In the most simple computer system architecture, all control lies with the CPU (Central Processing Unit). This means not only the execution of commands that affect the CPU’s internal register or cache state, but also the transferring of any bytes from memory to to devices, such as storage and interfaces like serial, USB or Ethernet ports. This approach is called ‘Programmed Input/Output’, or PIO, and was used extensively into the early 1990s for for example PATA storage devices, including ATA-1, ATA-2 and CompactFlash.

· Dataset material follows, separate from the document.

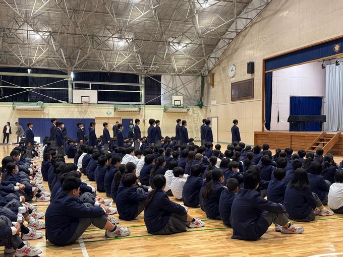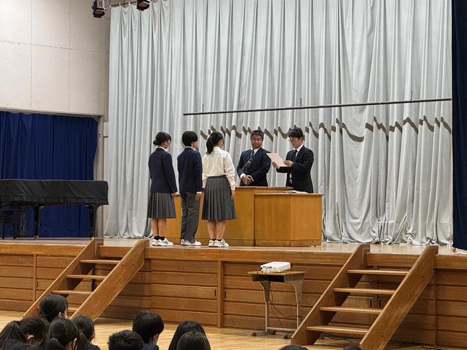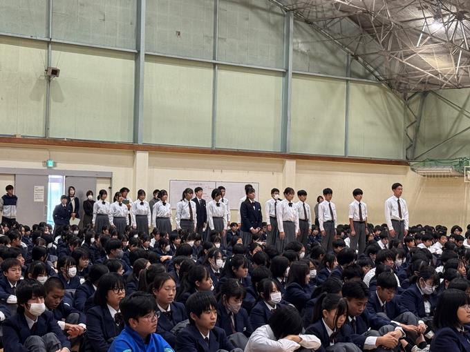 特に心に残ったのは、生徒会長のあいさつです。生徒会長は、「思いやりのある行動が感謝をうみ、感謝が新しい感謝をうむ。そうやって感謝の連鎖が生まれていく。」と述べ、「感謝と思いやりを大切にして、よりよい学校にしていきましょう」と全校生徒に呼びかけました。生徒たちが互いに尊重し合い、自治的な活動を通してよりよい学校生活を自らで築き上げていく。この経験こそが、彼らの未来を切り開く大きな力になると改めて感じました。

Obviously, if the CPU has to handle each memory transfer, this begins to impact system performance significantly. For each memory transfer request, the CPU has to interrupt other work it was doing, set up the transfer and execute it, and restore its previous state before it can continue. As storage and external interfaces began to get faster and faster, this became less acceptable. Instead of PIO taking up a few percent of the CPU’s cycles, a big transfer could take up most cycles, making the system grind to a halt until the transfer completed.
DMA (Direct Memory Access) frees the CPU from these menial tasks. With DMA, peripheral devices do not have to ask the CPU to fetch some data for them, but can do it themselves. Unfortunately, this means multiple systems vying for the same memory pool’s content, which can cause problems. So let’s look at how DMA works, with an eye to figuring out how it can work for us.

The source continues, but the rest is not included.